═════ Material provided
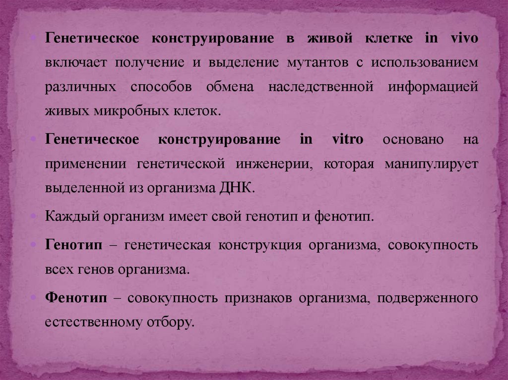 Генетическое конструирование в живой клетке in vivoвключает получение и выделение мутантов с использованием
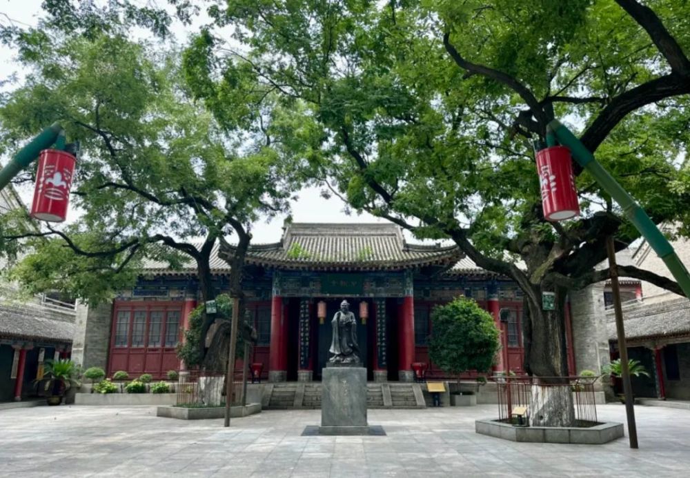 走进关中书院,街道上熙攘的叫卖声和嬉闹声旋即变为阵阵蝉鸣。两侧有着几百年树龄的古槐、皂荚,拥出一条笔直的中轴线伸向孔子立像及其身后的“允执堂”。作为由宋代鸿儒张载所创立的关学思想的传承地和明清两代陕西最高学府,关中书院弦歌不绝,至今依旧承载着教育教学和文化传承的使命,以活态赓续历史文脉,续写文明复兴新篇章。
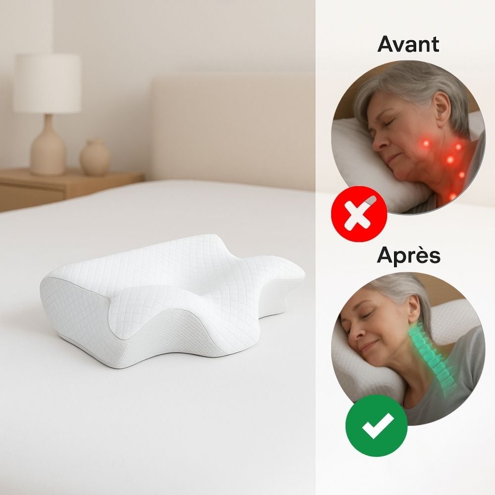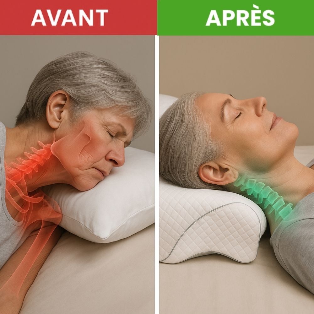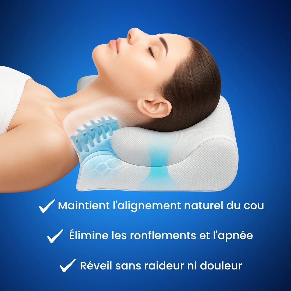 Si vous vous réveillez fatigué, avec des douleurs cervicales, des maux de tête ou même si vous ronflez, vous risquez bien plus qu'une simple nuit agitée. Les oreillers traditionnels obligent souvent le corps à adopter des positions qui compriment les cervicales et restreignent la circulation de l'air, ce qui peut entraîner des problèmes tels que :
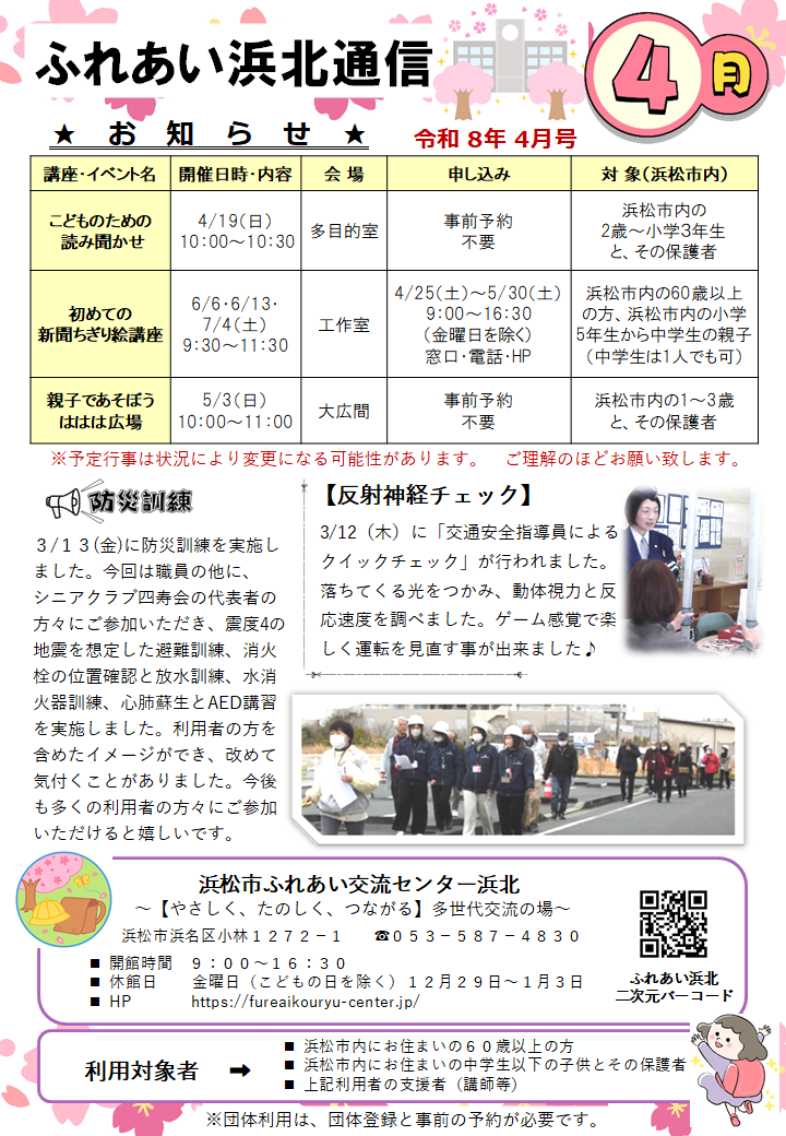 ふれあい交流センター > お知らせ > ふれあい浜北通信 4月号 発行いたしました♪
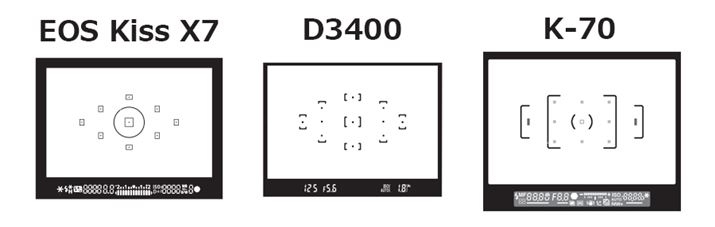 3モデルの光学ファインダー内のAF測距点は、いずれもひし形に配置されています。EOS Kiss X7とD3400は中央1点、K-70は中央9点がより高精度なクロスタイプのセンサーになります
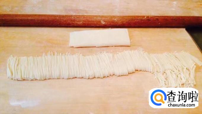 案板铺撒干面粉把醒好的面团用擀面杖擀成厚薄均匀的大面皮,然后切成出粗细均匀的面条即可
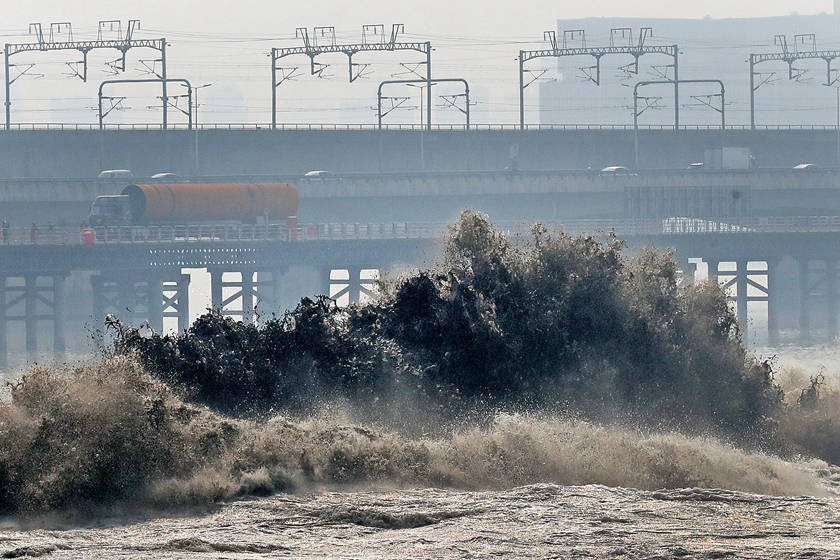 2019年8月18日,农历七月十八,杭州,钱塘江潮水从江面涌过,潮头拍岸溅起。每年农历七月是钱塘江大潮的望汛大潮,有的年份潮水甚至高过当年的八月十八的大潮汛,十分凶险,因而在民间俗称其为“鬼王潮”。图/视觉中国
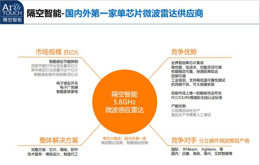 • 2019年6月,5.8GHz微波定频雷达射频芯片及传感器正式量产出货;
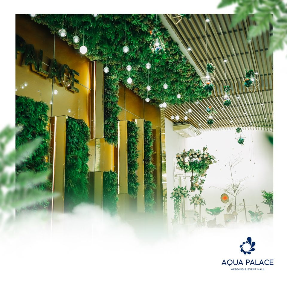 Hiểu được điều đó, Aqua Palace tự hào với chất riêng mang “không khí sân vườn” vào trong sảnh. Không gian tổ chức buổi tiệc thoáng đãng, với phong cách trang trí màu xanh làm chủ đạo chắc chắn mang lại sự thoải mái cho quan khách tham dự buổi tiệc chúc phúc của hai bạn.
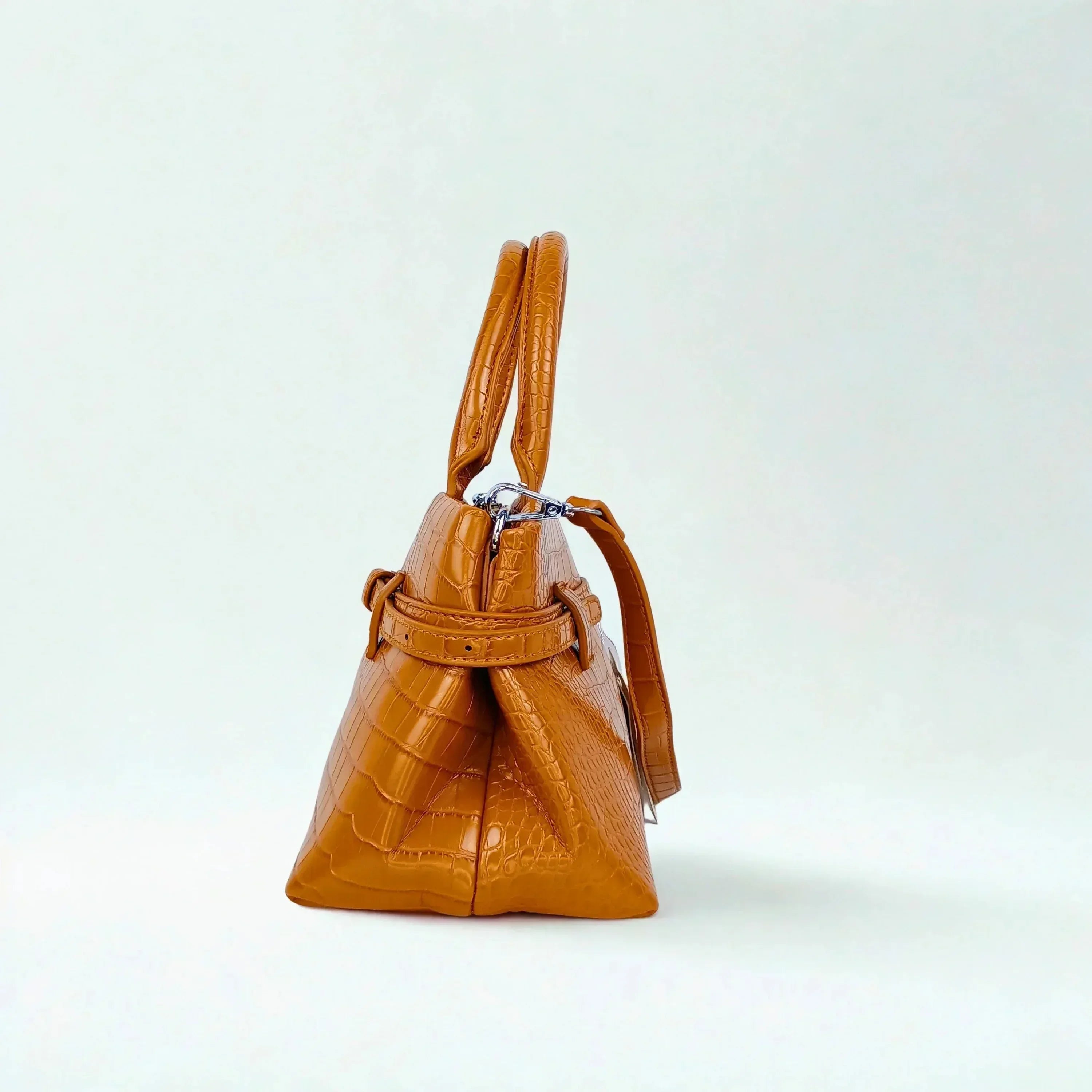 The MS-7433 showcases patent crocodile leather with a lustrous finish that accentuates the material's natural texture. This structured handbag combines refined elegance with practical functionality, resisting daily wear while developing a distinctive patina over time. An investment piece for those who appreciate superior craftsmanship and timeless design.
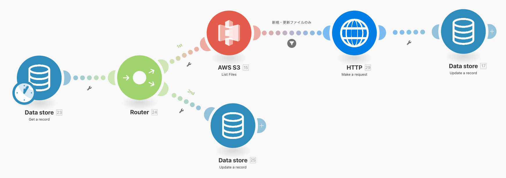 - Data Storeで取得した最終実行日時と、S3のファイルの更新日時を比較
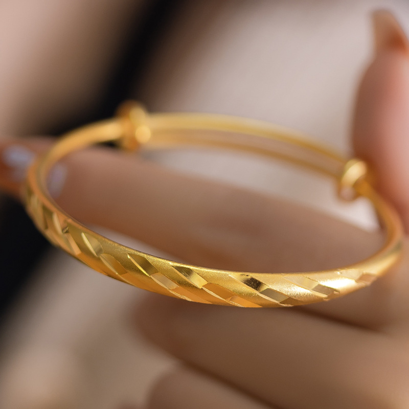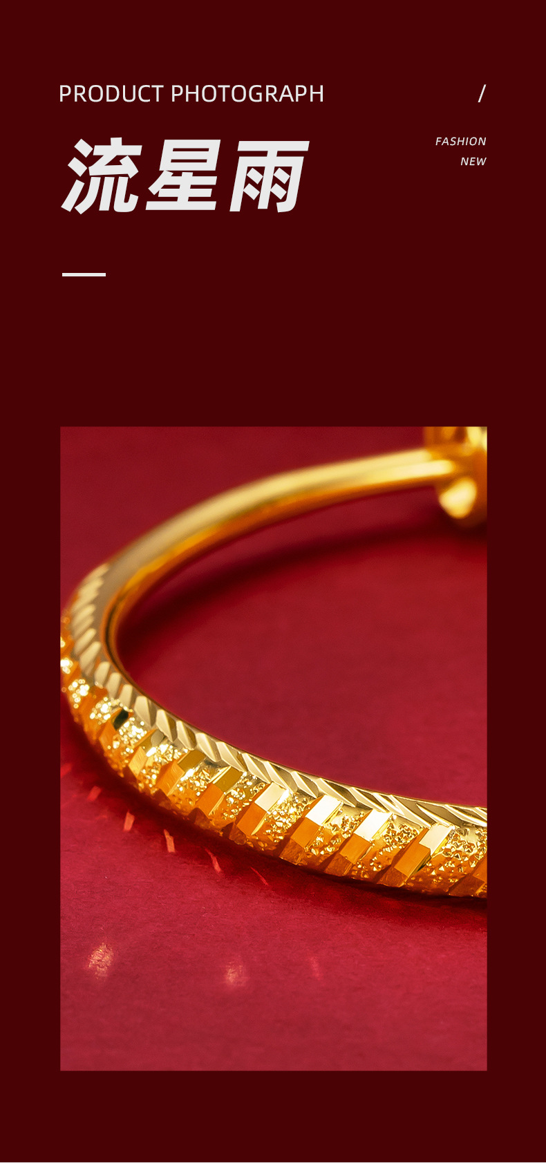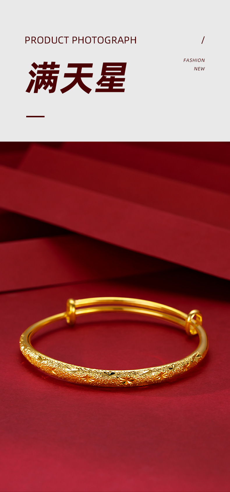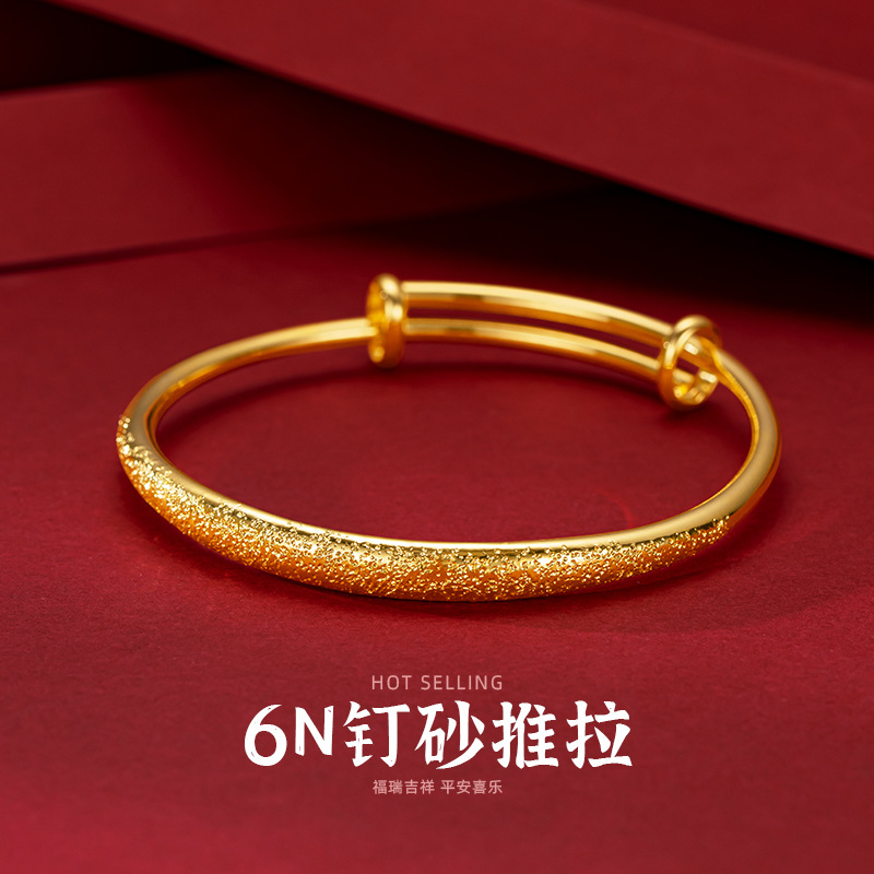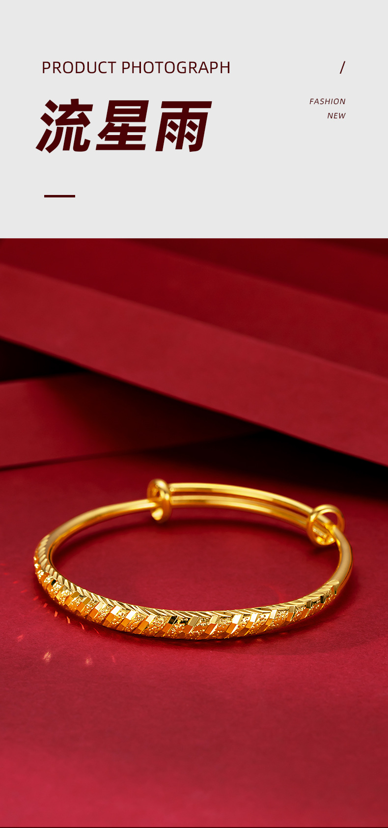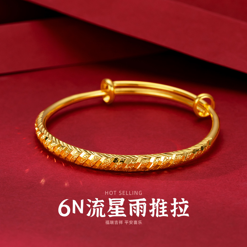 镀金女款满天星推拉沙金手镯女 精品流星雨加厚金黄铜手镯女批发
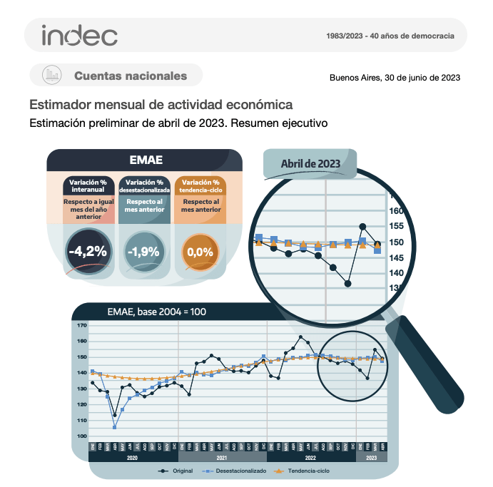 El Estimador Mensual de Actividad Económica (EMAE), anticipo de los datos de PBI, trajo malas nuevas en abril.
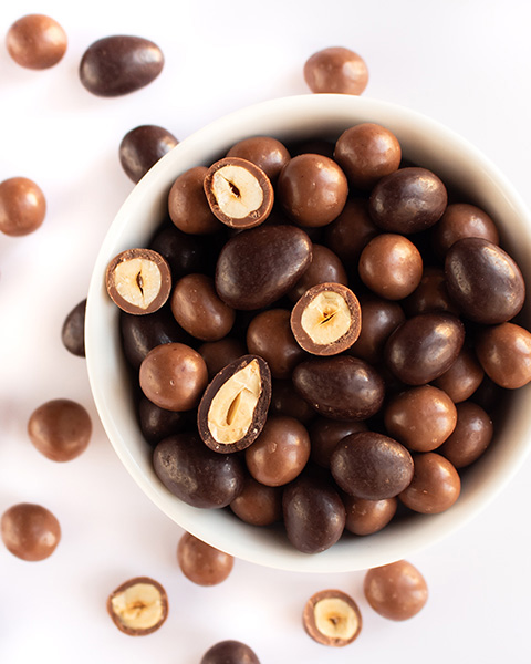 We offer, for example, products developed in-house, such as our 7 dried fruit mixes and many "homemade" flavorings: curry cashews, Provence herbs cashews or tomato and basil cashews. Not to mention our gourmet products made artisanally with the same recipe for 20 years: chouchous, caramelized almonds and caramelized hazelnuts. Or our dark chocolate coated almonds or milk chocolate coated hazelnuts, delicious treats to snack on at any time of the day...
══════════
**Try it**
Output must match the lines from the start of the records above through the line that contains "走进关中书院,街道上熙攘的叫", exactly and with every picture removed.

**Exercise output**
 Генетическое конструирование в живой клетке in vivoвключает получение и выделение мутантов с использованием
 走进关中书院,街道上熙攘的叫卖声和嬉闹声旋即变为阵阵蝉鸣。两侧有着几百年树龄的古槐、皂荚,拥出一条笔直的中轴线伸向孔子立像及其身后的“允执堂”。作为由宋代鸿儒张载所创立的关学思想的传承地和明清两代陕西最高学府,关中书院弦歌不绝,至今依旧承载着教育教学和文化传承的使命,以活态赓续历史文脉,续写文明复兴新篇章。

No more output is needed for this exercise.